Bangladesh National Health Accounts, an overview on the public and private expenditures in health sector

The fifth Bangladesh National Health Accounts (BNHA) 1997-2015 data presented an overview on the all public and private expenditures in health sector, showing need of significant steps that have to be taken for reducing households out-of-pocket (OOP) health related expenditures and also to address regional disparities in health expenditure .The estimated BNHA total health expenditure per capita increased from US$ 27 in 2012 to US$ 37 in 2015. However, Bangladesh still spends only 3.0% of its GDP in health sector while government health expenditure in relation to GDP is only 0.69% placing Bangladesh among the countries that least spends on health in South-East Asia Region (SEAR).

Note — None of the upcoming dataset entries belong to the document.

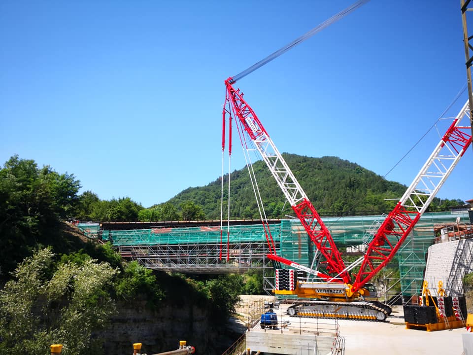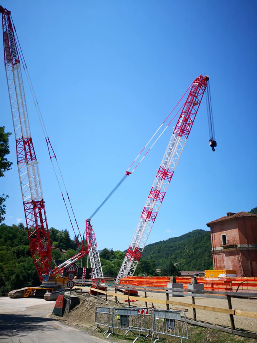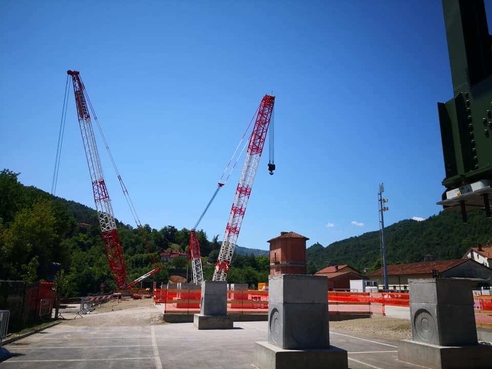 E per muoverlo, e ancor prima per togliere la vecchia travata metallica, sono state montate due gru altissime, la prima pesante 650 tonnellate, l’altra 450.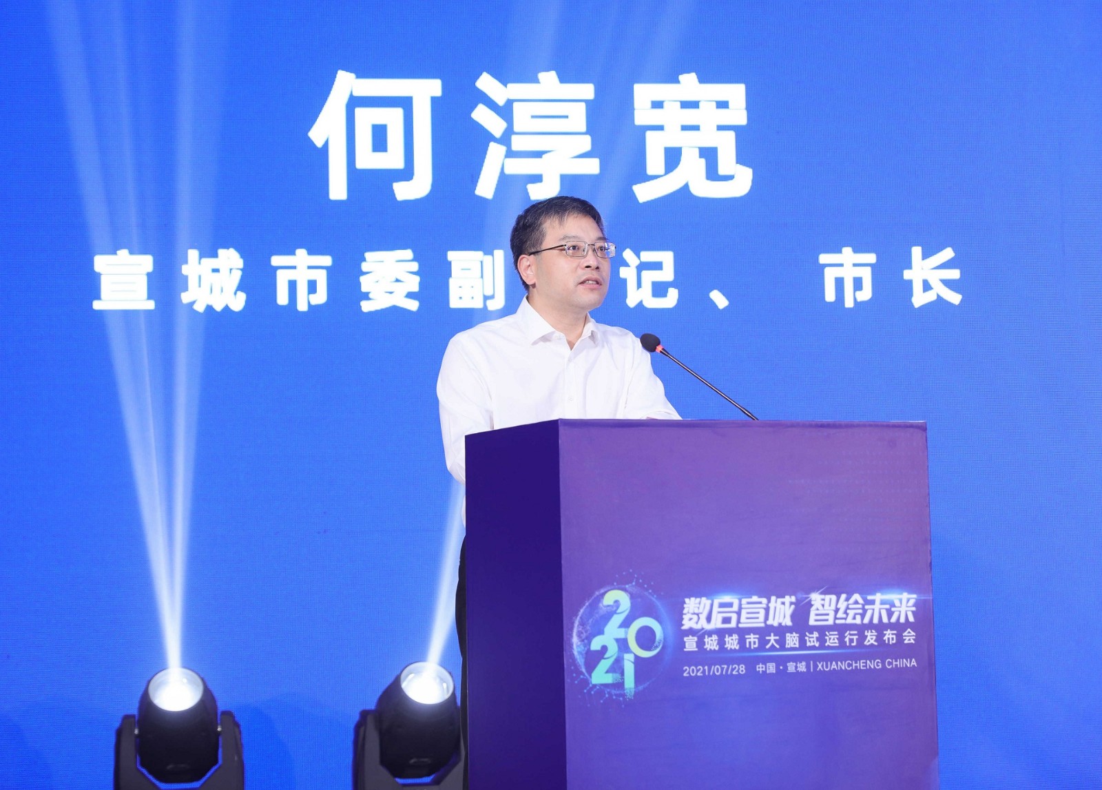 7月28日上午,宣城城市大腦試運(yùn)行發(fā)布會在敬亭湖賓館隆重舉行,發(fā)布會上宣城市委常委、常務(wù)副市長于靜波和科大訊飛股份有限公司高級副總裁張友國共同為宣城城訊信息科技有限公司(城建集團(tuán)與科大訊飛合資公司)揭牌。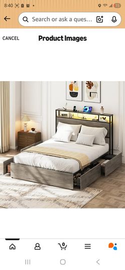 Tatub LED Queen Bed Frame with 4 Storage Drawers & Charging Station, Platform Metal Bed Frame with Headboard, Noise-Free, No Box Spring Needed, Ancien$150Camden, NJ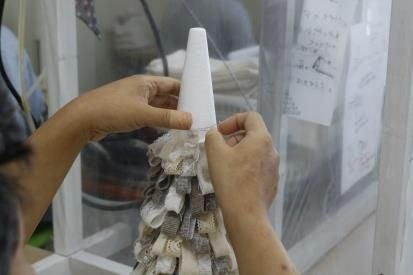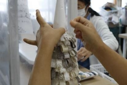 「リコットン・プロジェクト」の取組みのひとつ、オーガニックコットンの残布でつくる「クリスマスツリー」。本アイテムは障害のある方々が作業する福祉事業所「地域作業所hana」とのコラボ商品です。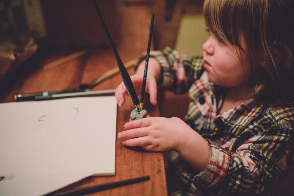 Indy's contribution during painting time consisted of shaking the table while I was working on the lettering, and sticking things in the eraser. Thanks Indy.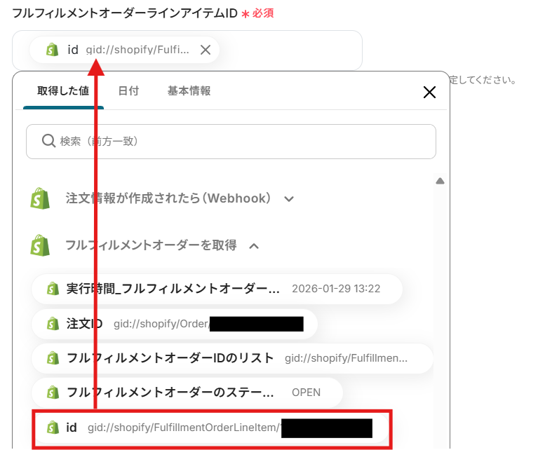 編集欄をクリックし、「フルフィルメントオーダーを取得」から「id」を選択します。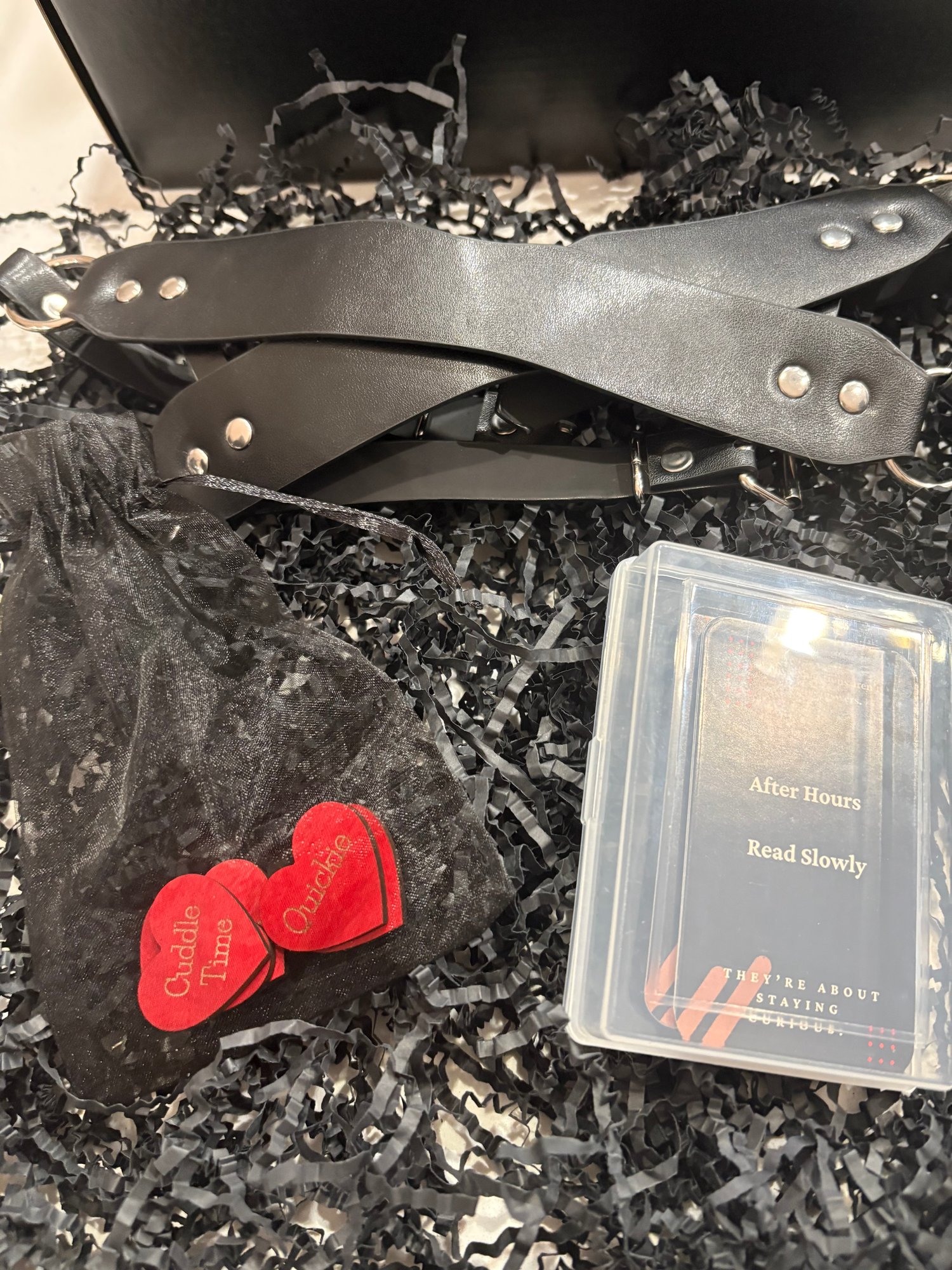 - After Dark play bag (mask, conversation cards, and wooden tokens)

It is estimated that 67% of total health expenditure, is met by households OOP, which is the highest in this region, followed by India with 62% and far away from Maldives with its 18%. Out of the OOP in Bangladesh almost 69.4% was spent on medicines; hence out of the total health spending in the country, 46% (almost half) corresponds to expenditure on medicines and medical products.

The BNHA shows that there are considerable regional disparities in health expenditure of Bangladesh. Dhaka division consumed 46% of the total health expenditure where Barisal and Sylhet divisions consumed only 4% respectively.

The State Minister of the Ministry of Health and Family Welfare (MOHFW) of Bangladesh reassured their commitment to take necessary initiatives to increase public funding in tackling OOP. He also reiterated the importance of social health protection to reduce OOP to an a significant level by 2030 in order to make substantial progress towards UHC and the SDGs.

Health Economics Unit of the MOHFW has been producing national health accounts regularly using a globally accepted methodology since 1997 to track the countries health expenditures and to shape health financing policies accordingly.

Bangladesh National Health Accounts 1997-2015 was conducted with support from the World Bank, Rockefeller Foundation and World Health Organization (WHO).